‘What Rushdie or Nupur Did Is Shameful… So Is Violence Against Them’
Mufti Manzur Ziyaee, an Islamic scholar in Mumbai, says Muslims should condemn all acts of hatred and violence in equal terms
The recent violent attack on Salman Rushdie in the US has become a major talking point. The writer had made disparaging remarks against Prophet Muhammad (SAWS) in his book The Satanic Verses. Closer home, we have seen calls for violence against former BJP spokesperson Nupur Sharma over similar charges. I see both cases as different sides of the same coin. Both these persons willfully and knowingly denigrated the revered Prophet (SAWS) through their acts, which must be condemned.
However, I maintain that any act or call of violence against them is also equally condemnable. No one has the right to issue a Fatwa, or physically harm them. Such form of violence has no place in either a civil society or in Islam. Let me explain.
Except for the matters related to family, marriage and personal relations, Islamic law does not hold in a country that has an established constitution. Islam never allows anyone to take the law of the land in their hands. Penal actions must fall under the purview of the constitutional order.

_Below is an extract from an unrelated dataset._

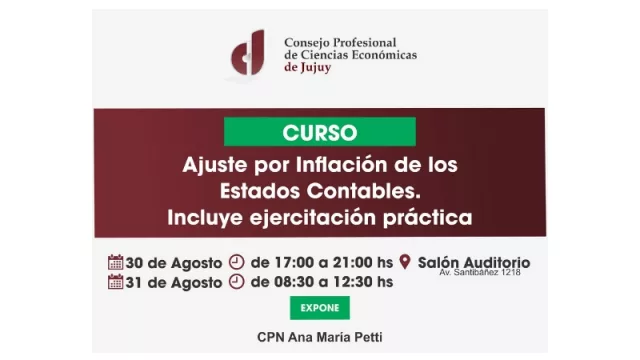 El curso es propiciado por el Consejo Profesional de Ciencias Económicas de Jujuy (CPCEJ) se desarrollará los días 30 y 31 de agosto, en el Salón Auditorio del Consejo, avenida Santibáñez 1218 de San Salvador de Jujuy. Los horarios son de 17 a 21hs el viernes, y el sábado, de 8.30 a 12.30.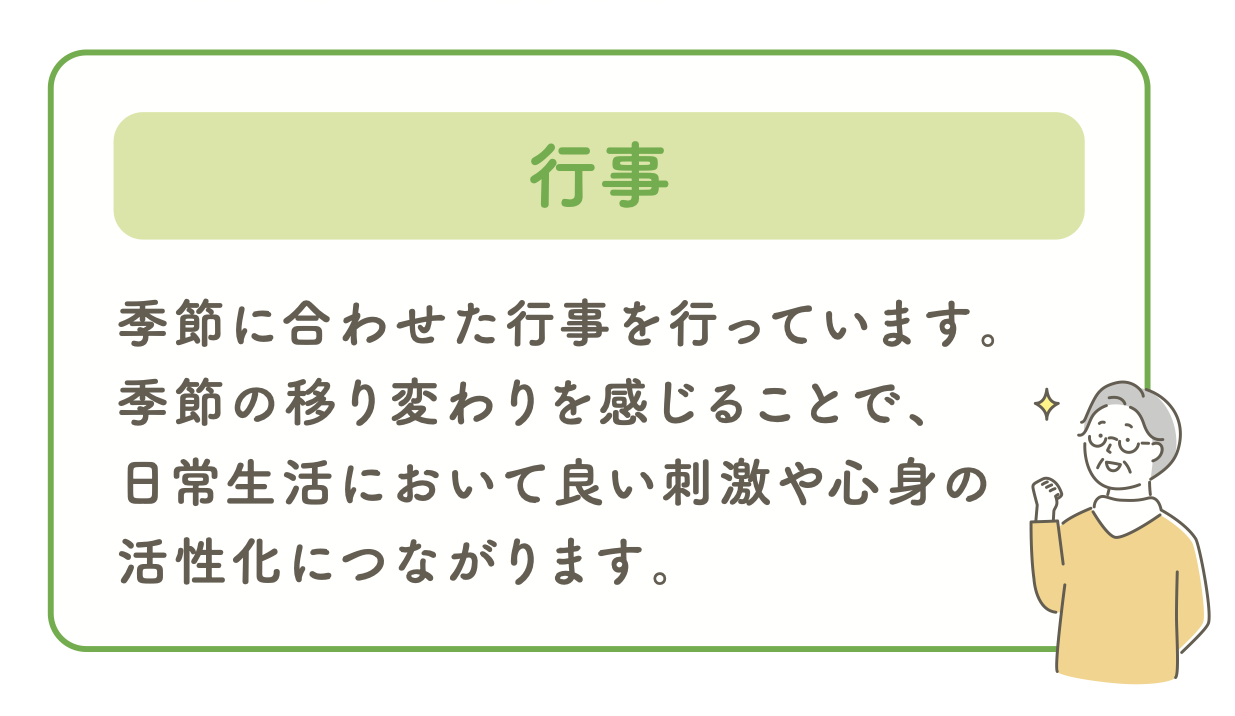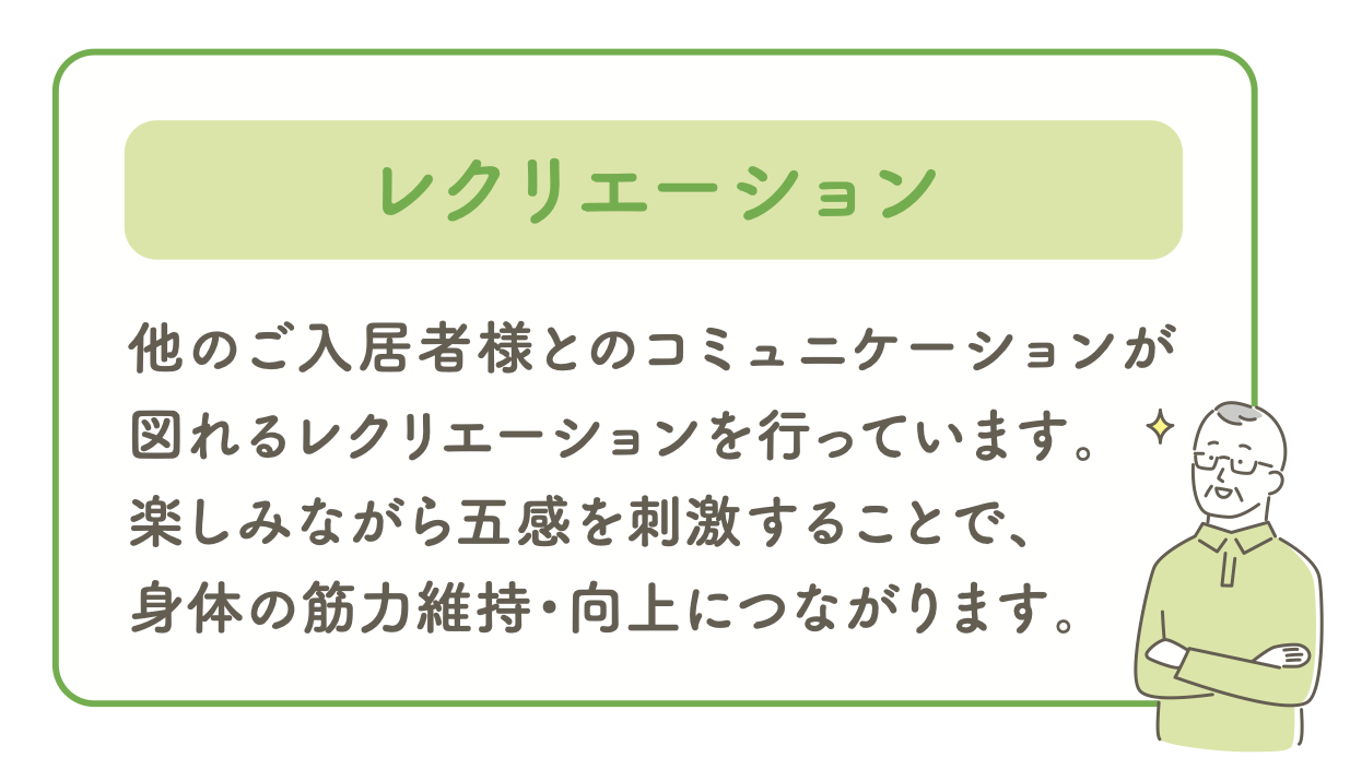 他のご入居者様とのコミュニケーションが図れるレクリエーションを行っています。楽しみながら五感を刺激することで、身体の筋力維持・向上につながります。

Second, a Fatwa is not a Huqm (decree), it is merely a Raay, an opinion, which can only be offered by a Mufti, a legal expert in Islam. The confusion over such matters among Muslims and non-Muslims must be cleared by our leaders and opinion makers. The socio-cultural fabric of this country is a valuable asset and lately there have been attempts to harm it. Religious and political leaders must push back such vested interests.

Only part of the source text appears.